(ABOUT THIS TASK): Make an exact transcript of the lines in the data below, starting with the one containing "Lesbin 35 L" and going on through the one containing "Ponytailed ash-blonde pushing", with both included and the pictures left out.

(Beginning of DATA TO PROCESS)

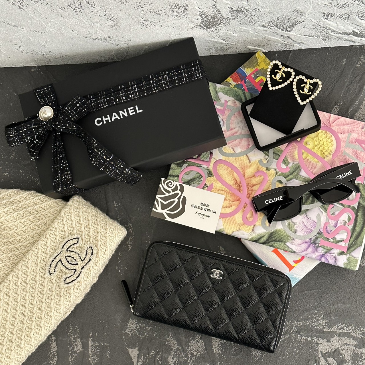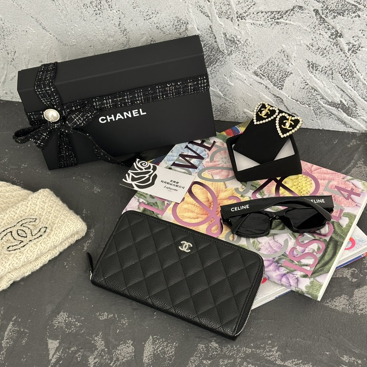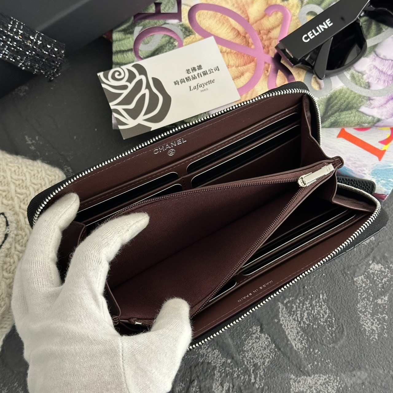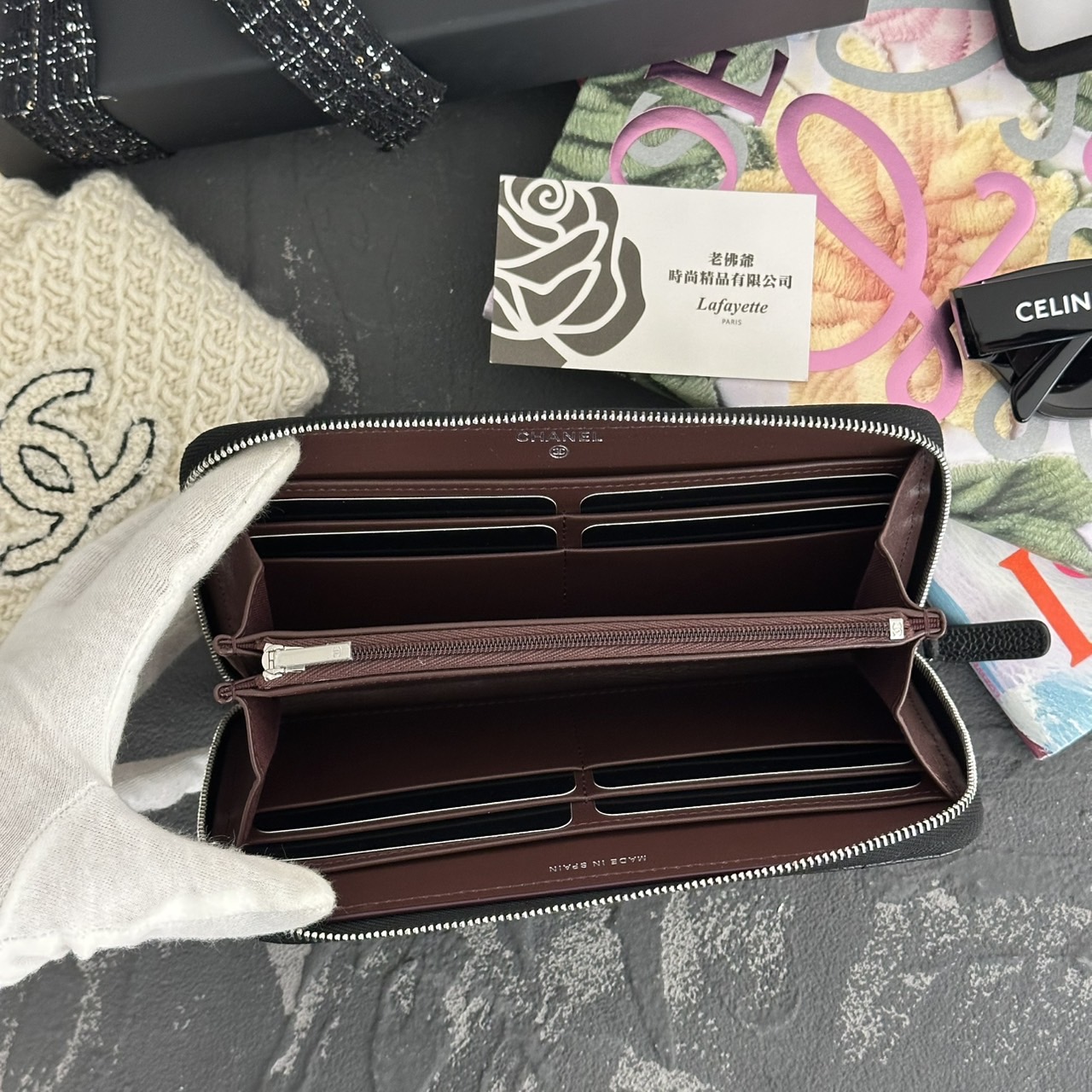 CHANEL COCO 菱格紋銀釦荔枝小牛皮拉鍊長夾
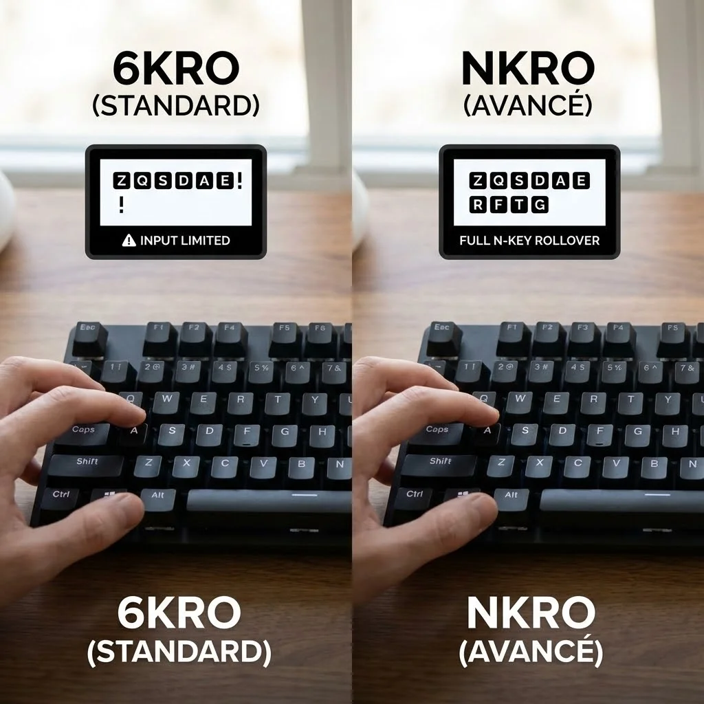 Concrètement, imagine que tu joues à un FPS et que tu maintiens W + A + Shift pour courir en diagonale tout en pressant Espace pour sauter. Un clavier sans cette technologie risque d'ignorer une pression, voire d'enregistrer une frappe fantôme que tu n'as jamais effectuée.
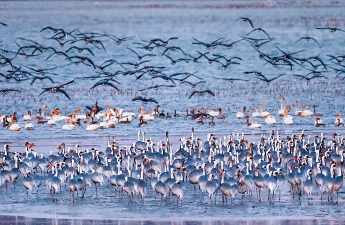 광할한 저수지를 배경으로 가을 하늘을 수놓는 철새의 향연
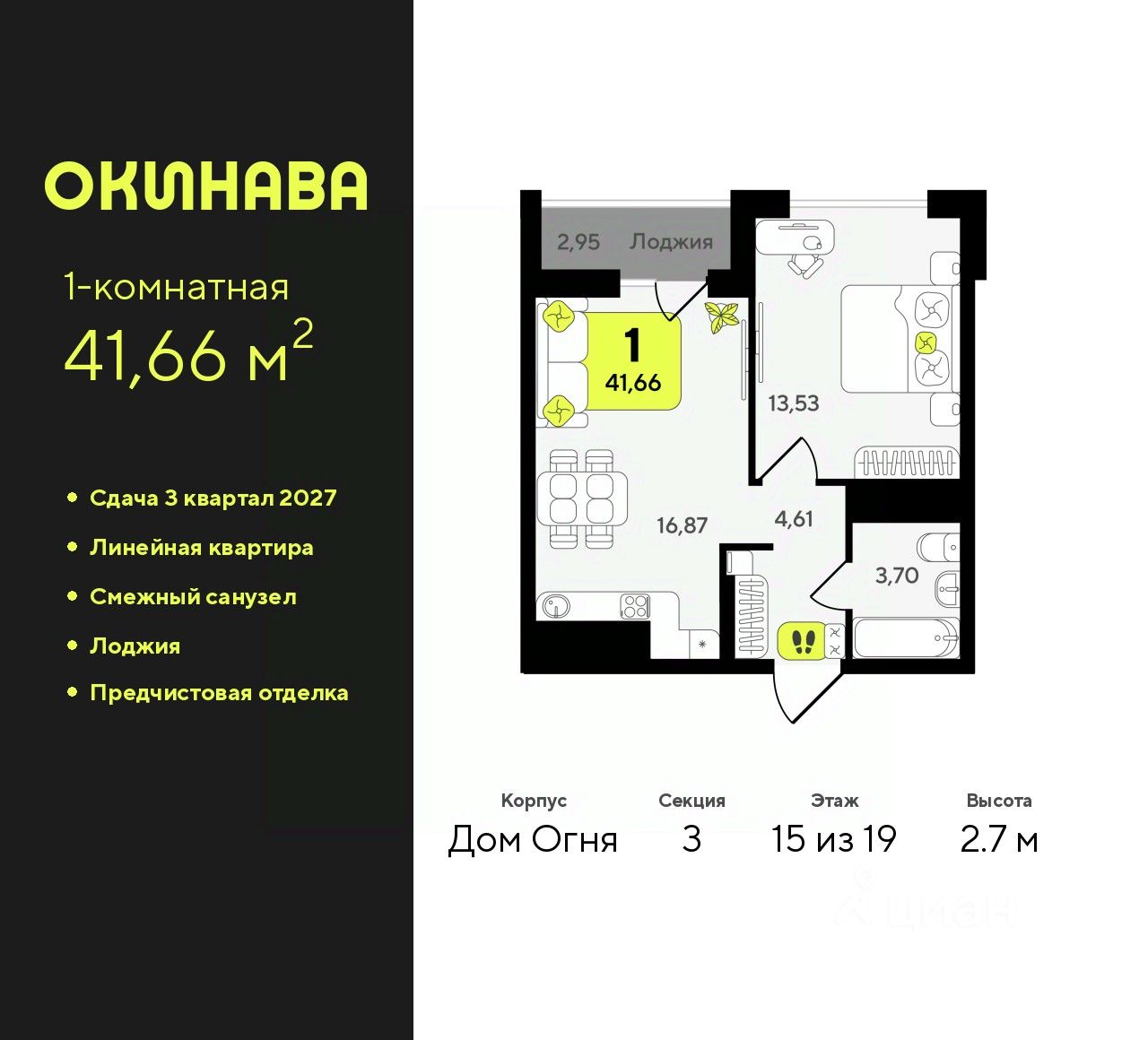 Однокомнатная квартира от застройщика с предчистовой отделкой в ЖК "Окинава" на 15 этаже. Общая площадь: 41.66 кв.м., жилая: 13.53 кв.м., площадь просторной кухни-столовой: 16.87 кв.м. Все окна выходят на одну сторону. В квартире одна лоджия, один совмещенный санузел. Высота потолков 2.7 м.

(End of DATA TO PROCESS)
(Beginning of DATA TO PROCESS)

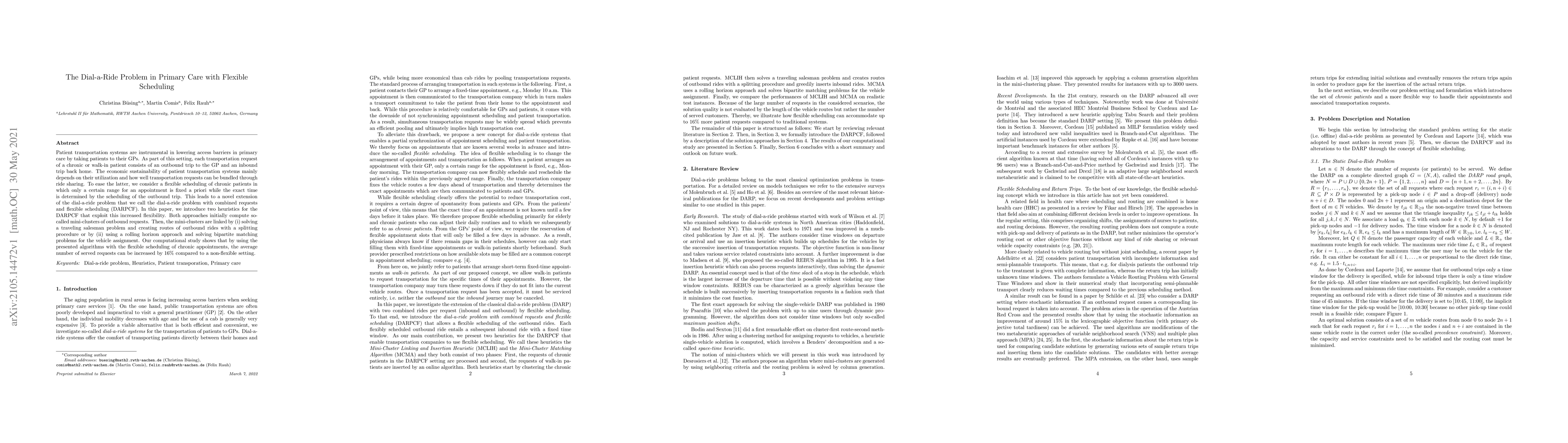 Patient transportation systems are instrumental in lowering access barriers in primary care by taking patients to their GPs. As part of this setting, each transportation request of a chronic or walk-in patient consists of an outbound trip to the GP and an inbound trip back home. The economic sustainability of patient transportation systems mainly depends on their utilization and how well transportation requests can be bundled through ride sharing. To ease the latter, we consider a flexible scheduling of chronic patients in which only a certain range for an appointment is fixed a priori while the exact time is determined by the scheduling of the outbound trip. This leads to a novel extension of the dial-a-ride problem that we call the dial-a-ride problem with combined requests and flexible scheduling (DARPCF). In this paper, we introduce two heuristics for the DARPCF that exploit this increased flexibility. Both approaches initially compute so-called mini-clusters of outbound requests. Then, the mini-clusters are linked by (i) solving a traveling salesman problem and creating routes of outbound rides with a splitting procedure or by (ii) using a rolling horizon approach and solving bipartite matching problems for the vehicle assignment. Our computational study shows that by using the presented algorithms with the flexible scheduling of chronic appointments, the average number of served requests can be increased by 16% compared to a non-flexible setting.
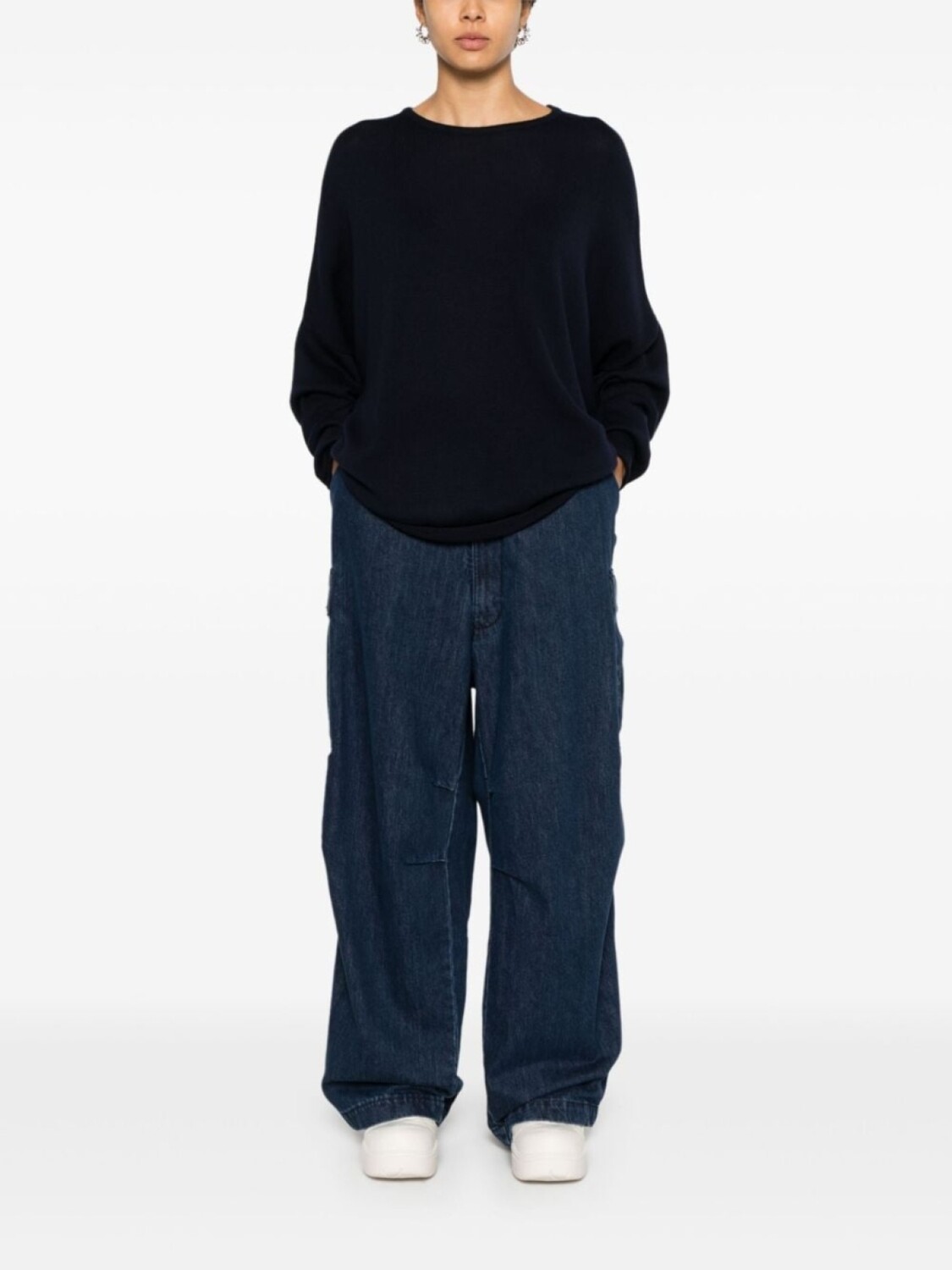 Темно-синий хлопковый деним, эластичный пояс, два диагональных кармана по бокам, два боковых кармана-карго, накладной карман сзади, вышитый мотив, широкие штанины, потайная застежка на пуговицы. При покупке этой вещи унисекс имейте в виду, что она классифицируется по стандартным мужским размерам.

(End of DATA TO PROCESS)
(Beginning of DATA TO PROCESS)

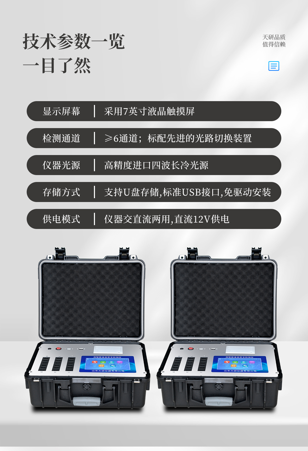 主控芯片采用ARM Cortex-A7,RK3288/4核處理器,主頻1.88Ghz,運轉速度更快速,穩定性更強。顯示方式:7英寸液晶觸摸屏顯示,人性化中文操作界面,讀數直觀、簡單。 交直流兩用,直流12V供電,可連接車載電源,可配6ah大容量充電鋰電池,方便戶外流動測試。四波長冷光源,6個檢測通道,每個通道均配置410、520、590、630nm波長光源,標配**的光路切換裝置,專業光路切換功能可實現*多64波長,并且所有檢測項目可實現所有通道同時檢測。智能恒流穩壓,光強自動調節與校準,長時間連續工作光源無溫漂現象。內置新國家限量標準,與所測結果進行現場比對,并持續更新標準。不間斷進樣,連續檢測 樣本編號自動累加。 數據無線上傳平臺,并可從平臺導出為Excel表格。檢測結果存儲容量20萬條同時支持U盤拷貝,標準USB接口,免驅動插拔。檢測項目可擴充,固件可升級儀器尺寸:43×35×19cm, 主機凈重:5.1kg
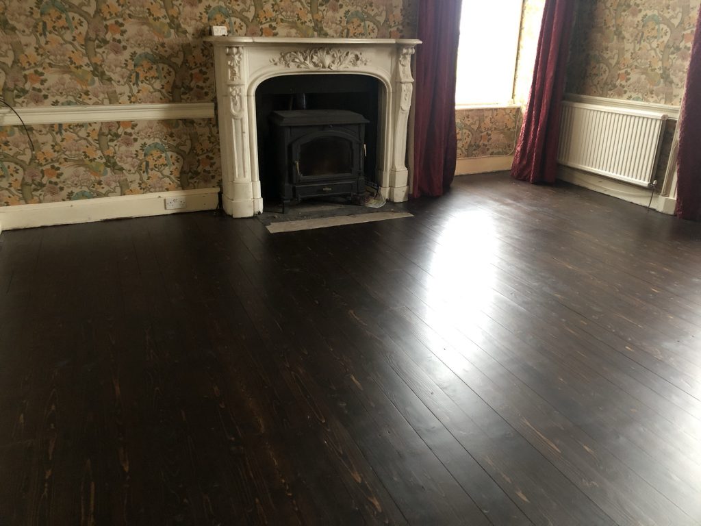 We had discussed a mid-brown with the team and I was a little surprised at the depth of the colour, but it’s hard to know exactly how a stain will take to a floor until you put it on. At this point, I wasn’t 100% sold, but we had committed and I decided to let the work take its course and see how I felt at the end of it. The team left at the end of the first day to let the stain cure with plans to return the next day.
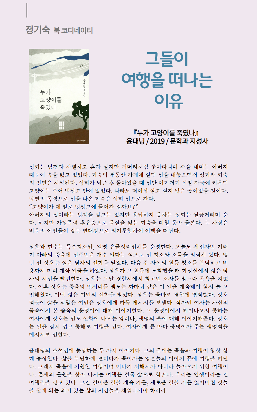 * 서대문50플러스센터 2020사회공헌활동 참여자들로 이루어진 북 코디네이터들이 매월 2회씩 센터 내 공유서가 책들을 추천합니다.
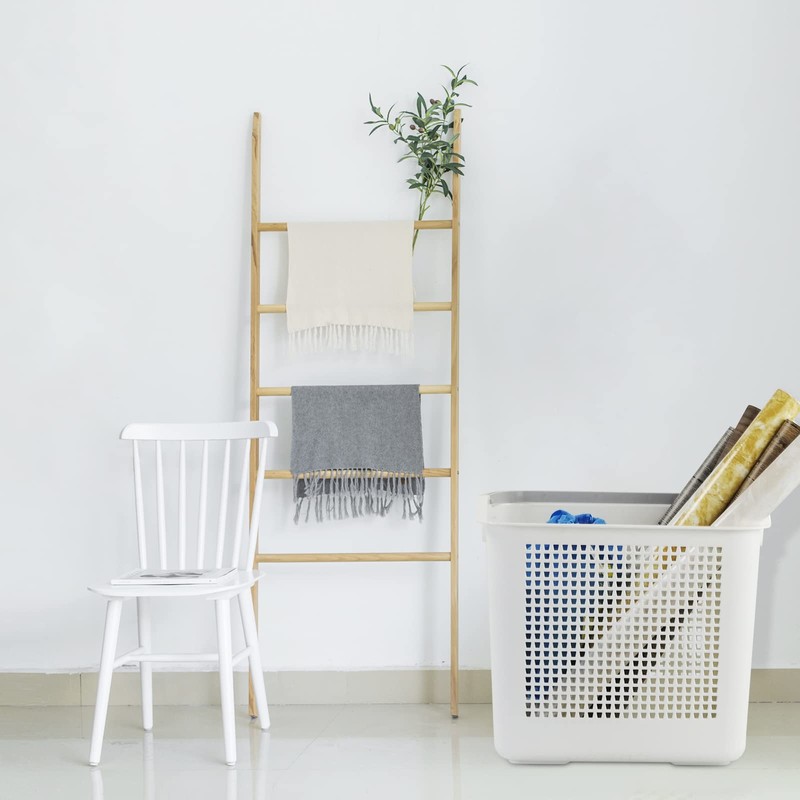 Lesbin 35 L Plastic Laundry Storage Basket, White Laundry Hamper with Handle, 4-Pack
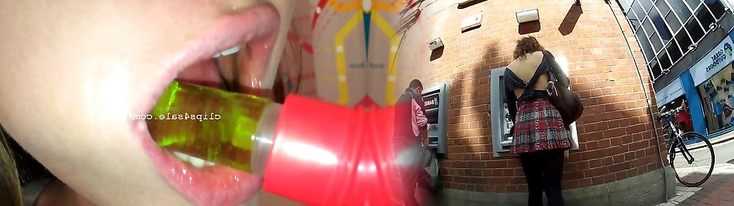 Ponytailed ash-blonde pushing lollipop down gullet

(End of DATA TO PROCESS)

(RESPONSE TO THIS EXERCISE):
 Lesbin 35 L Plastic Laundry Storage Basket, White Laundry Hamper with Handle, 4-Pack
 Ponytailed ash-blonde pushing lollipop down gullet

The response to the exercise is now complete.